Dyer’s Latest Memoir “Goosetown: Reconstructing an Akron Neighborhood” Released

December 22, 2009

Joyce Dyer, director of the Lindsay-Crane Center for Writing and Literature and John S. Kenyon Professor of English at Hiram College, has recently had her latest memoir released by the University of Akron Press. “Goosetown: Reconstructing an Akron Neighborhood” (2010) is a prequel to “Gum-Dipped: A Daughter Remembers Rubber Town,” telling the story of the first five years of Dyer’s life growing up in a part of town once marked by ravines, caves, glaciers and stone quarries on every corner. It is a book about a physical location in Akron, Ohio, that has largely disappeared–vanished from the Akron map, as well as from the author’s memory.

The book is an investigative memoir and grapples with the hard question of how to discover a place and a time that seem impossible to retrieve. Can the past be discovered? Are memories only someone else’s recollections? Can we draw out the shadows deep within the crevices of our brains? Accompanied by her uncle, the self-proclaimed “Mayor of Goosetown,” the odd couple travels to unearth the lost years. Together they search for signs and symbols to jar recollection. Dyer weaves her story from the traces that remain: memories of relatives, public records (criminal, as well as civil), letters and diaries. Facing a present with streets and buildings that have changed with urban progress, can Dyer ever find her real home? Can anyone?
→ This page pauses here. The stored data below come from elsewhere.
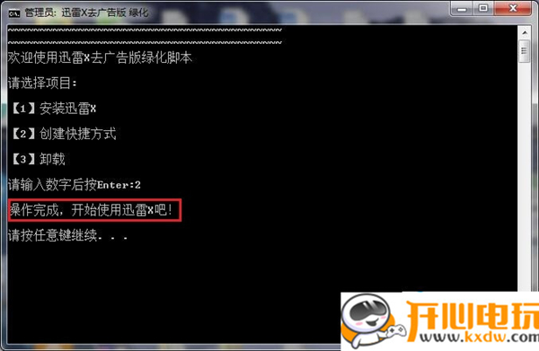 3.输入数字“2”,按“enter”,等待提示“操作完成,开始使用迅雷x吧!”,桌面就会生成迅雷的快捷方式,就可以开始使用了
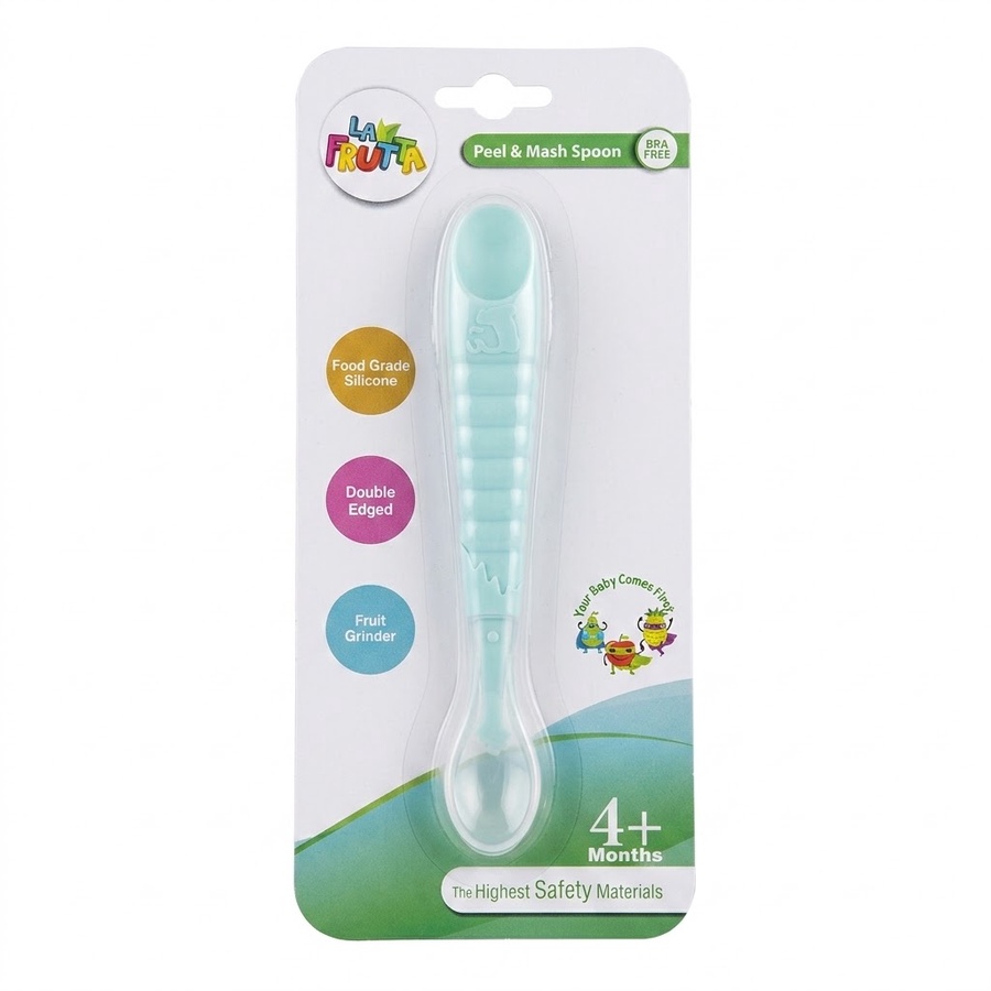 La Frutta Baby Silicone Spoon هي ملعقة مبتكرة للأطفال بتصميم مزدوج الوظيفة (Peel & Mash)، حيث تساعدك على هرس الطعام وتقديمه بسهولة في نفس الوقت، مما يجعلها مثالية لمرحلة إدخال الطعام الصلب للرضع.
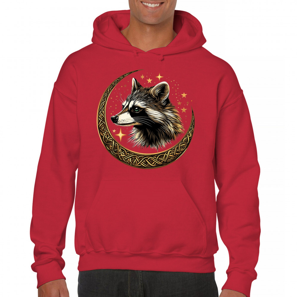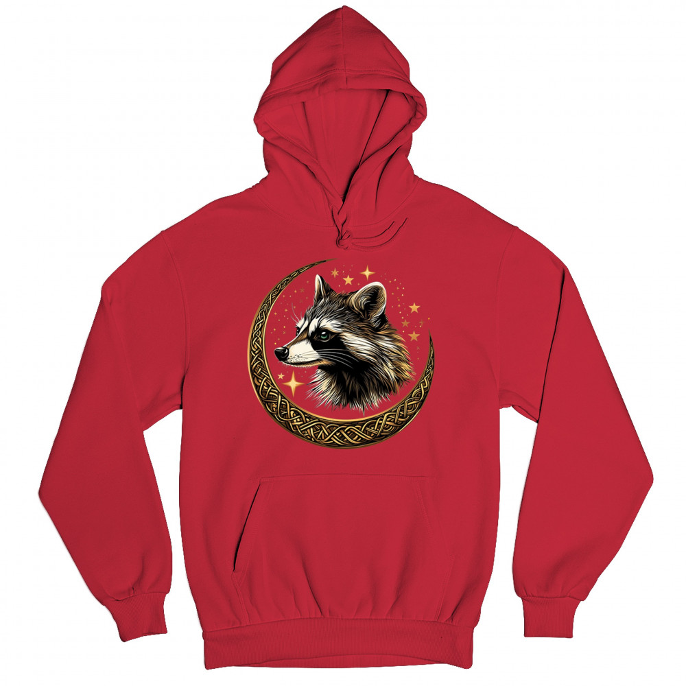 Cosmic raccoon design in Celtic moon. Symbol of adaptability, mystery, and spiritual intelligence. A perfect gift for wild and curious souls.

Dyer is the author of three books, “The Awakening: A Novel of Beginnings,” “In a Tangled Wood: An Alzheimer’s Journey” and “Gum-Dipped: A Daughter Remembers Rubber Town,” and the editor of “Bloodroot: Reflections on Place by Appalachian Women Writers.” She has published essays in magazines such as “North American Review,” “cream city review” and “High Plains Literary Review.” Dyer has won numerous awards for her writing, including the 1998 Appalachian Book of the Year Award and the 2009 David B. Saunders Award in Creative Nonfiction. The book, which contains 28 photographs, is available at the Hiram College Bookstore, as well as on Amazon or through BookMasters.